Она появилась в дверях актового зала чуть позже остальных и оглядывалась с той же застенчивостью, что была у неё пятнадцать лет назад. Всё внутри Романа перевернулось.
У Ярины были те же тонкие до хрупкости руки с голубыми венками на запястьях; то же лисье лицо с огромными глазами; те же светлые волосы — теперь собранные в небрежный хвостик, из которого выбивались шелковистые пряди на шею. На ней было простое ситцевое платье — но сидело оно так изящно, словно создано специально для неё искусным модельером. Она совсем не походила на измученную бытом женщину с кучей детей: перед ним стояла взрослая копия той самой девочки из памяти.

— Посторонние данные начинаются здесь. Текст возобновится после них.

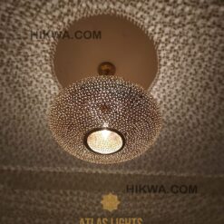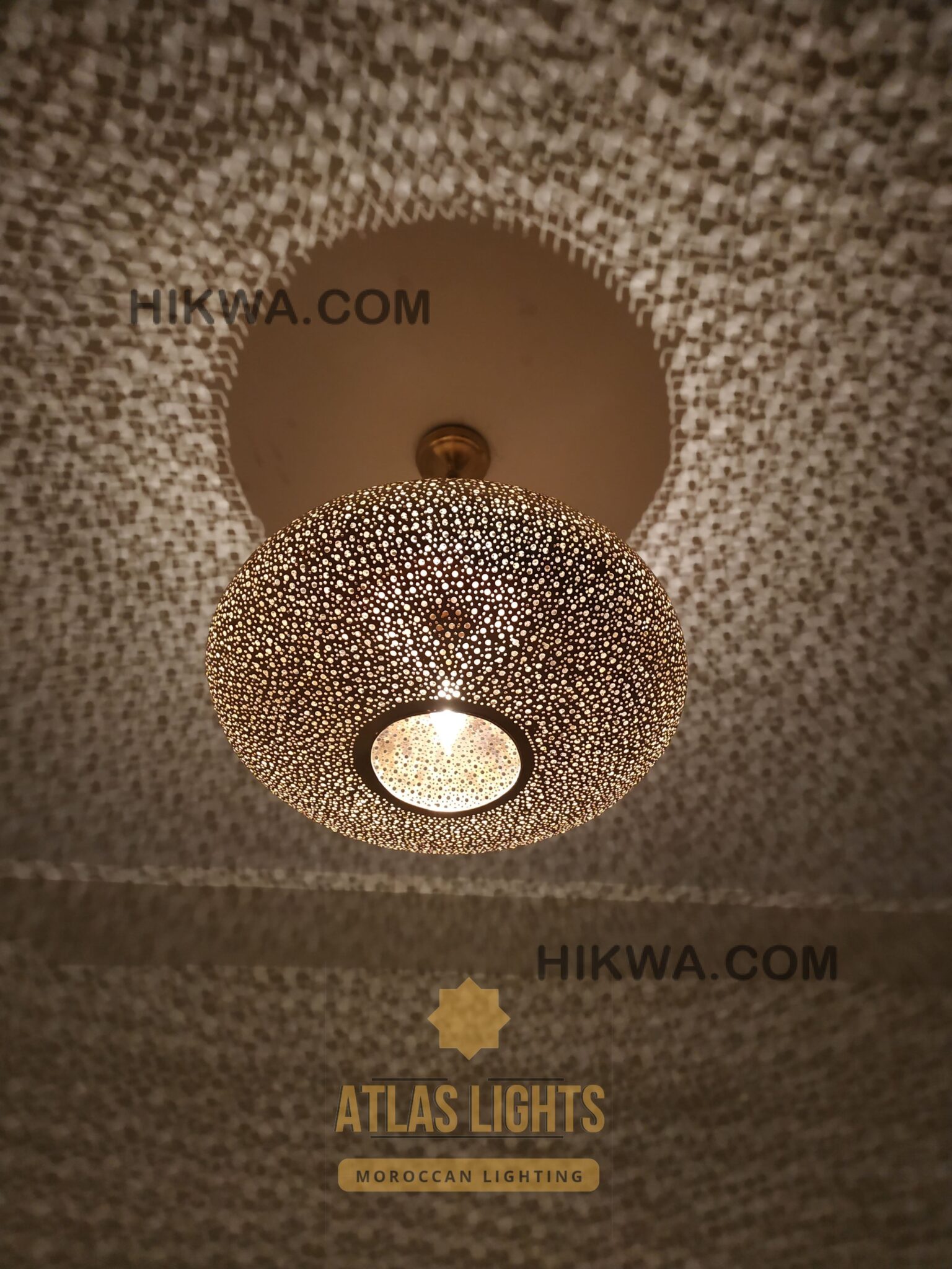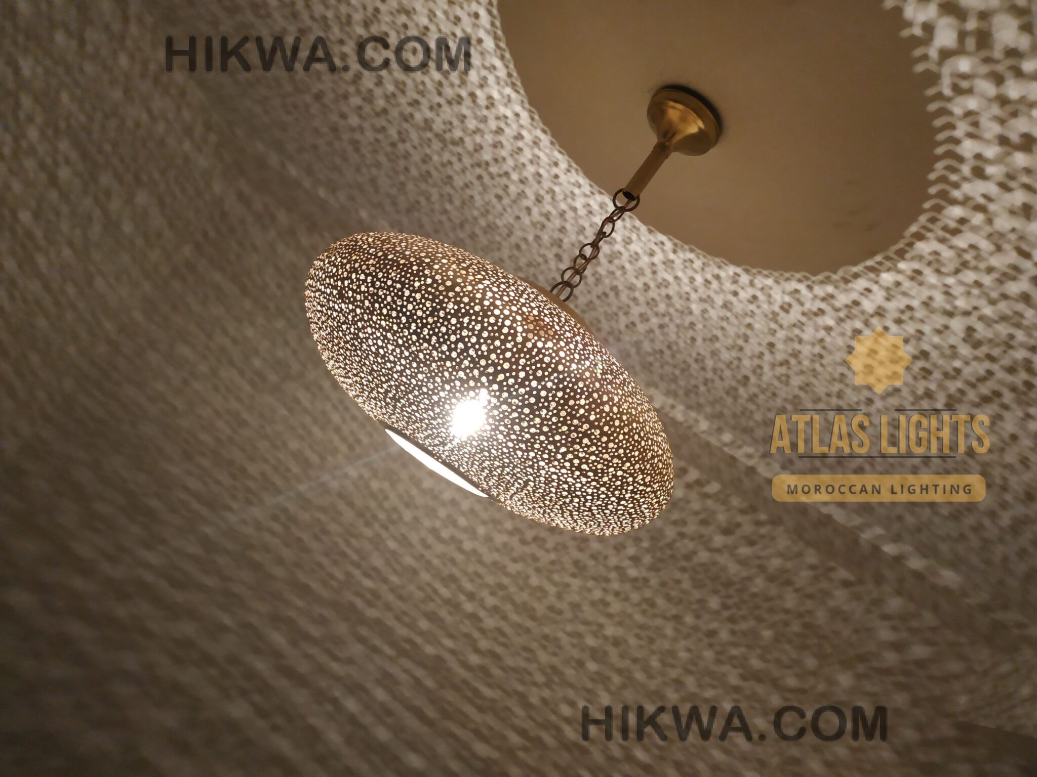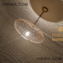 A suspension in the form of an open pressed ceiling lamp about 13.7″ and 21″ in diameter, which will add a touch of craftsmanship to your interior by diffusing a beautiful Moroccan lamp shades on the ceiling as well as the walls, and to illuminate the room.

Вспомнился момент яркий как вспышка: они стояли у школьного окна во время первого снега; он смотрел на её профиль и наблюдал за тем, как снежинки тают в волосах… И вдруг выдохнул:
— Какая же Ярина красивая…
Его друг Ярослав тогда фыркнул со своей обычной насмешкой и хлопнул его по спине:
— Ну ты загнул! Красота! Вот Екатерина — это да! Видел косы до пояса? А кожа какая! А твоя Лидка… бледная вся да прыщавая какая-то…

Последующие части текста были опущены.